At a broader level, the benchmark shows that Claude Code does not erase language differences. It reshuffles them. Generation speed, token cost, flow stability, and model familiarity with a language’s syntax and ecosystem are becoming real productivity variables. For Go, that is not a defeat. But it is a warning that in the age of coding agents, language choice affects not only runtime performance and maintainability, but also how quickly and smoothly AI can collaborate with you.
FAQ
Which language performed best for Claude Code in this benchmark?

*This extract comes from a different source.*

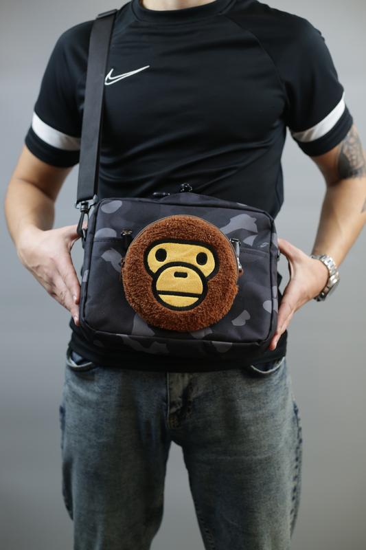 Сумка Bape Характеристики: - Розмір сумки: 25×20×6 см - Розмір гаманця: 15,5×15,5×1,5 см - Одне основне відділення на замку з двома бігунками та має внутрішню кишеню на замку - Знімний регульований ремінець з карабіном: максимальна довжина 123 см, мінімальна довжина 64,5 см, ширина 3 см - Передня кишеня до котрої можна прикріпити гаманець прищіпками Відправляю шафою доставкою або за вашими даними, якщо залишилися питання пишіть в приватні повідомлення) Також в профілі є багато різних сумок/рюкзаків/барсеток

Ruby finished first, followed very closely by Python and then JavaScript. Those three were the fastest, cheapest, and most stable in the mini-git benchmark.
How did Go perform compared with Ruby and Python?
Go placed fourth, passed all tests, and delivered solid reliability, but it was slower and somewhat more expensive than Ruby and Python in this particular workflow.
Does this mean Go is a bad language for Claude Code?
No. It means Claude Code currently appears to prototype faster in dynamic languages. Go still delivered perfect test success in the benchmark and remains a strong choice for real production systems.
Can this benchmark decide a real-world stack on its own?
No. The experiment focuses on prototype-scale tasks. In larger systems, typing, runtime performance, ecosystem maturity, frameworks, and operational needs may change the picture significantly.